Excerpts from a dataset
==========

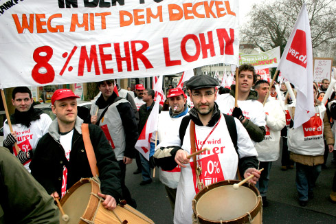 上周四在波茨坦進(jìn)行的最后一輪勞資談判最后宣告破裂,工會隨即醞釀罷工。此次罷工的目的是要求大幅提高工資。工會要求為聯(lián)邦和市鎮(zhèn)機(jī)關(guān)130萬公務(wù)員一年提高工資8%,或者起碼每月漲工資200歐元,但是資方卻提出兩年內(nèi)分3個階段漲5%的條件,而且同時還要求延長工作時間。
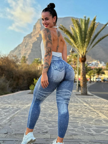 ZASUWA Female Deep V Back Denim Scrunch Bum Leggings
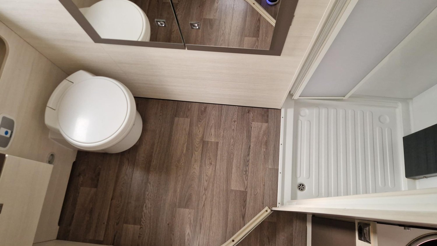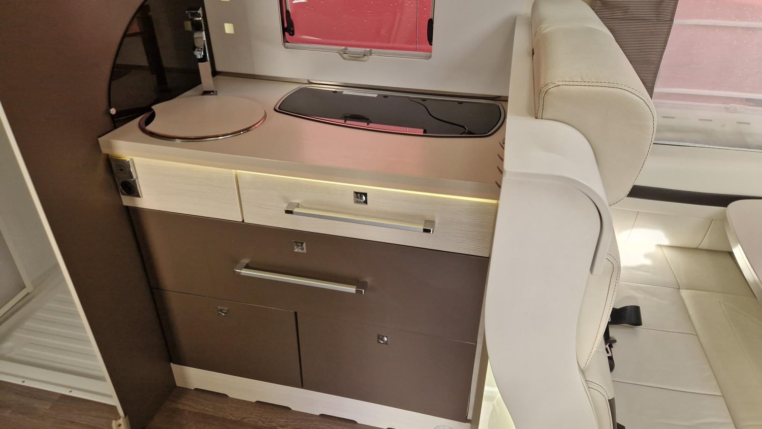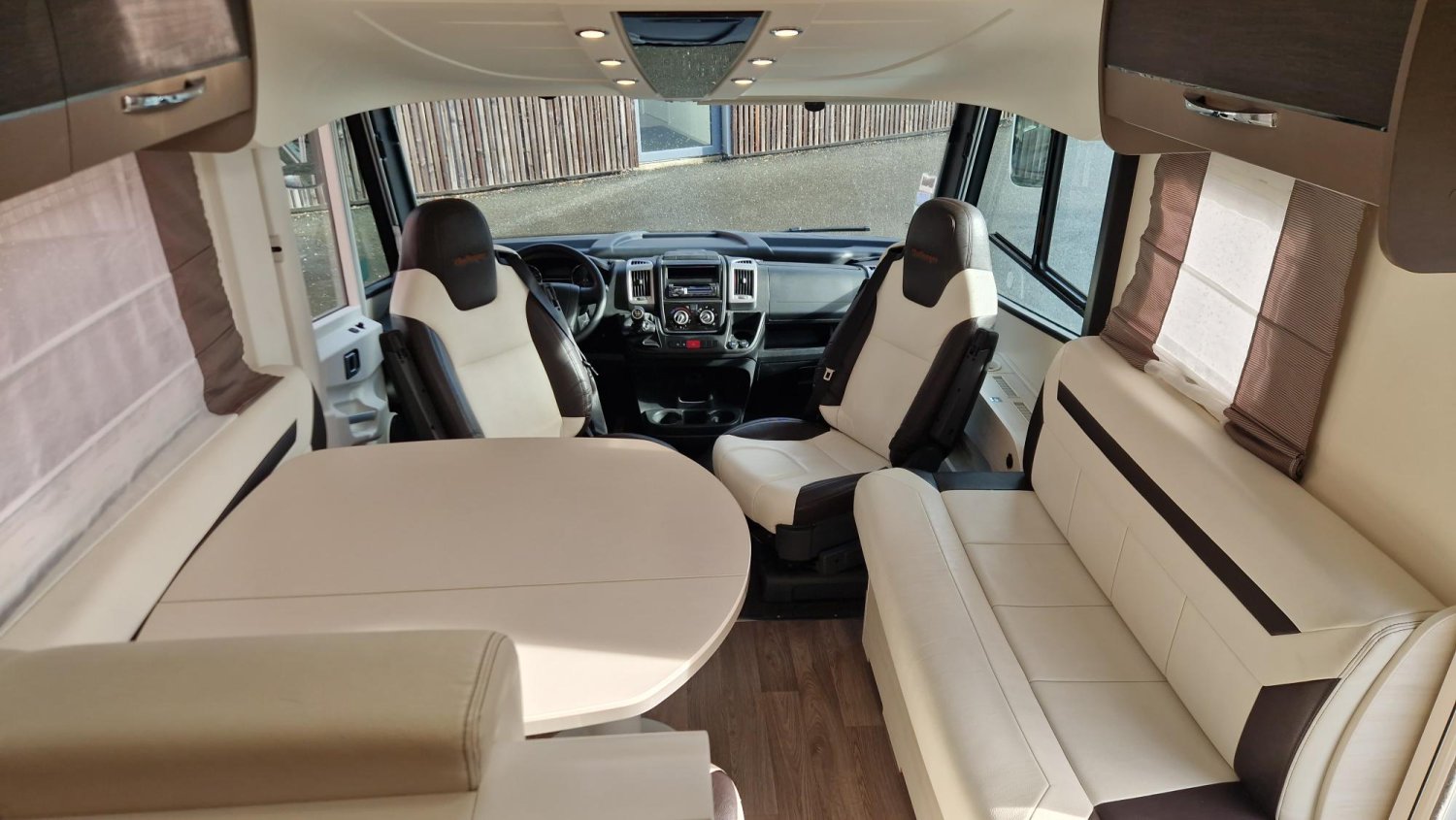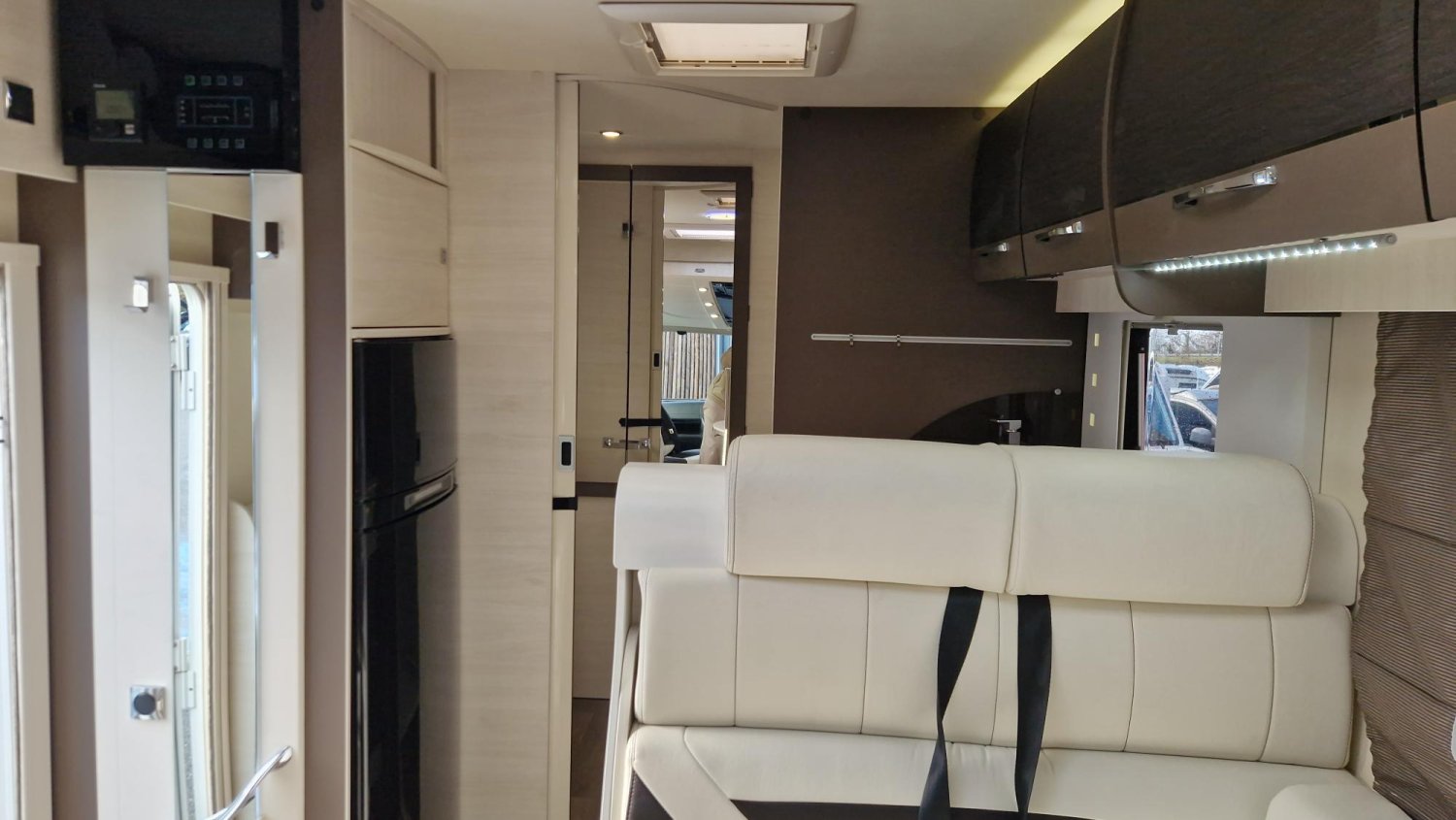 Un intégral particulièrement bien conçu , qui privilégie la vie à bord avec sa salle d'eau et son salon hors norme.
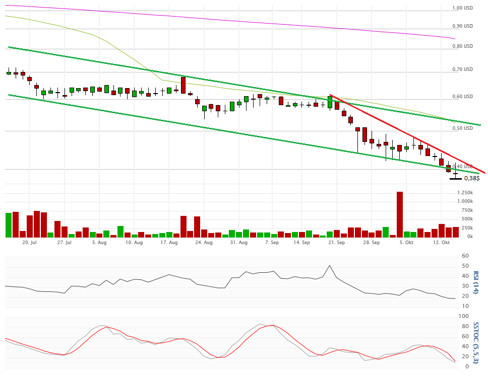 Bis 0,44$ fiel der Kurs nach unten, am Ende bleibt 0,50$ stehen. Es kommt ein Allzeittief nach dem nächsten. Aber das könnte nun endlich ein Ende haben.
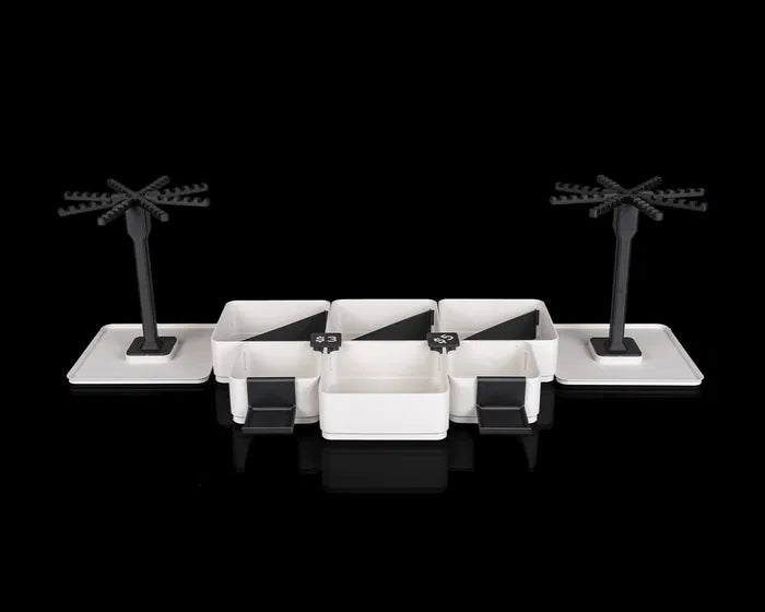 - The kit features a modular configuration including four large display trays and two smaller utility trays for varied product sizes.
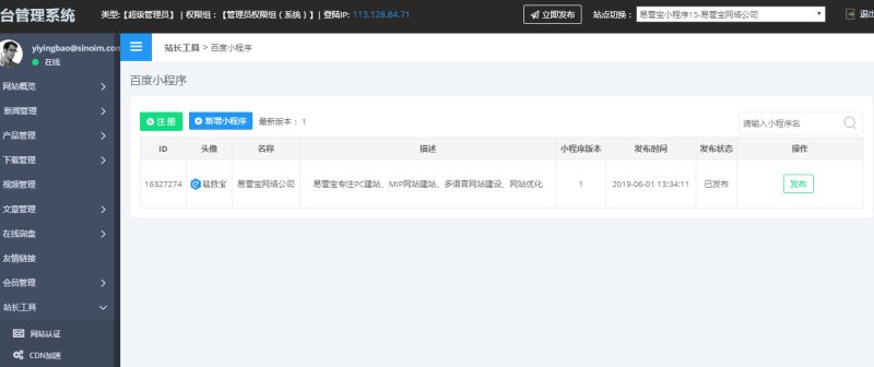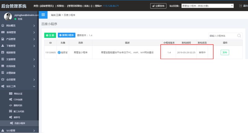 12, 发布完成后,进入管理后台,小程序列表里会显示版本、发布时间、发布状态。
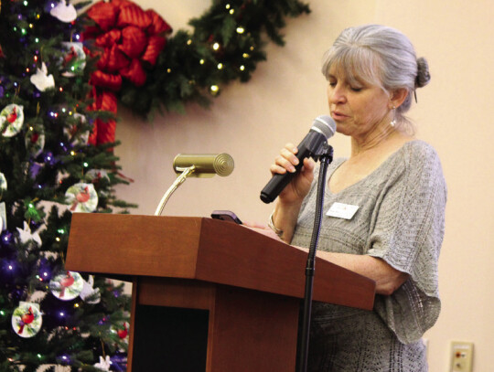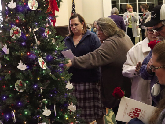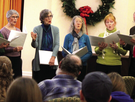 Residents gathered at Kendal on Dec. 5 for the annual Light Up A Life ceremony sponsored by ConnectionsPlus Healthcare + Hospice. Those attending were given a rose and an ornament in memory of a loved one, with the ornaments placed on a tree. Burr Datz (above), spiritual and patient care volunteer, read the names of those being remembered, and Tasha Walsh (below, right), executive director, welcomed those attending and read a poem. The Threshold Singers (right) sang “Walking Each Other Home.” (Stephanie Mikels Blevins photos)
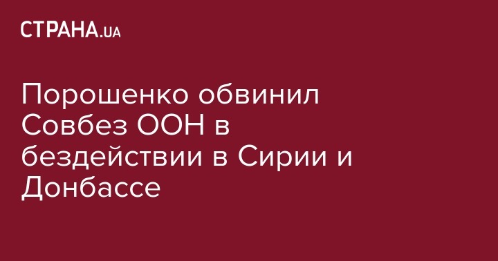 Порошенко отметил, что Совет Безопасности ООН не смог остановить конфликт в Сирии так же, как российскую агрессию в Украине и аннексию Крыма. Президент Украины подчеркнул, что Россия в Сирии применяет такую же тактику, как и в Украине: поддерживает усиление боевых действий, чтобы потом выступить посредником в конфликте и диктовать свои условия.
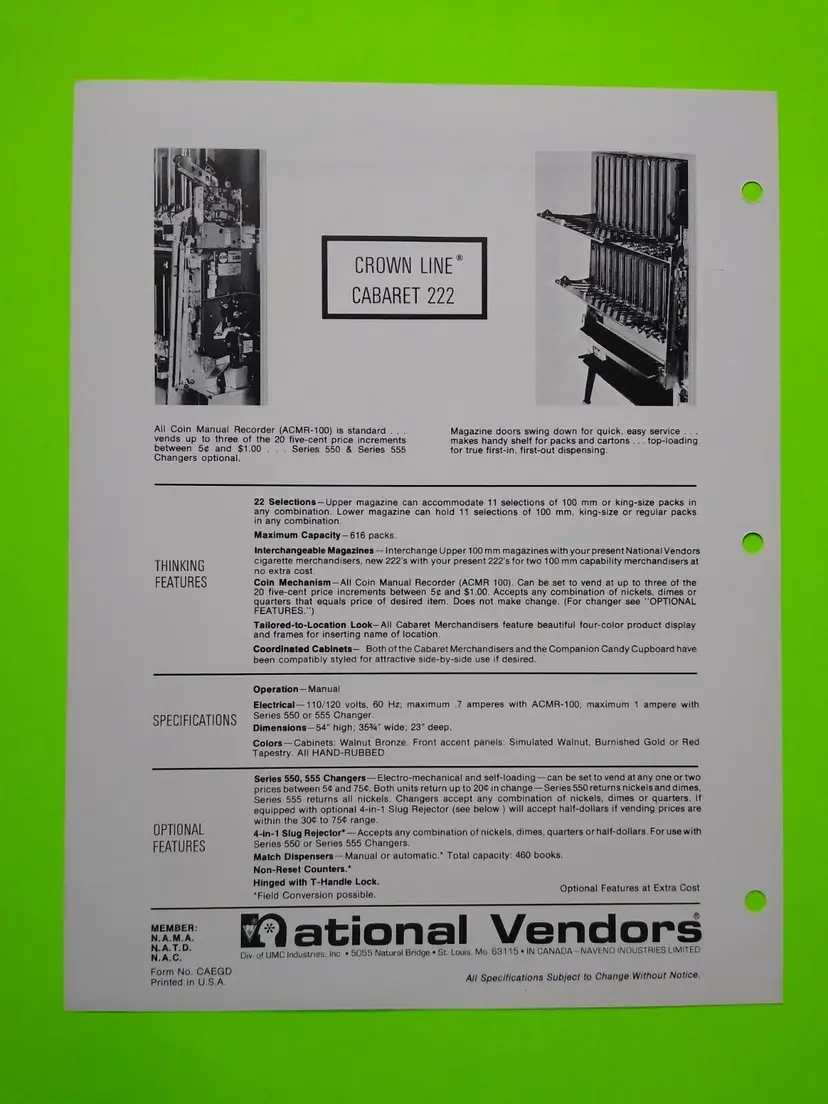 Paper: Advertising Sheet Style: Cigarette Merchandiser Modified Item: No Country/Region of Manufacture: United States Original/Reproduction: Original Brand: National Vendors

==========

## [Problem to solve]
Starting with the first line of the data above, write out each line exactly up to and including the line that holds "Residents gathered at". Pictures stay out.

## [Result for this task]
 上周四在波茨坦進(jìn)行的最后一輪勞資談判最后宣告破裂,工會隨即醞釀罷工。此次罷工的目的是要求大幅提高工資。工會要求為聯(lián)邦和市鎮(zhèn)機(jī)關(guān)130萬公務(wù)員一年提高工資8%,或者起碼每月漲工資200歐元,但是資方卻提出兩年內(nèi)分3個階段漲5%的條件,而且同時還要求延長工作時間。
 ZASUWA Female Deep V Back Denim Scrunch Bum Leggings
 Un intégral particulièrement bien conçu , qui privilégie la vie à bord avec sa salle d'eau et son salon hors norme.
 Bis 0,44$ fiel der Kurs nach unten, am Ende bleibt 0,50$ stehen. Es kommt ein Allzeittief nach dem nächsten. Aber das könnte nun endlich ein Ende haben.
 - The kit features a modular configuration including four large display trays and two smaller utility trays for varied product sizes.
 12, 发布完成后,进入管理后台,小程序列表里会显示版本、发布时间、发布状态。
 Residents gathered at Kendal on Dec. 5 for the annual Light Up A Life ceremony sponsored by ConnectionsPlus Healthcare + Hospice. Those attending were given a rose and an ornament in memory of a loved one, with the ornaments placed on a tree. Burr Datz (above), spiritual and patient care volunteer, read the names of those being remembered, and Tasha Walsh (below, right), executive director, welcomed those attending and read a poem. The Threshold Singers (right) sang “Walking Each Other Home.” (Stephanie Mikels Blevins photos)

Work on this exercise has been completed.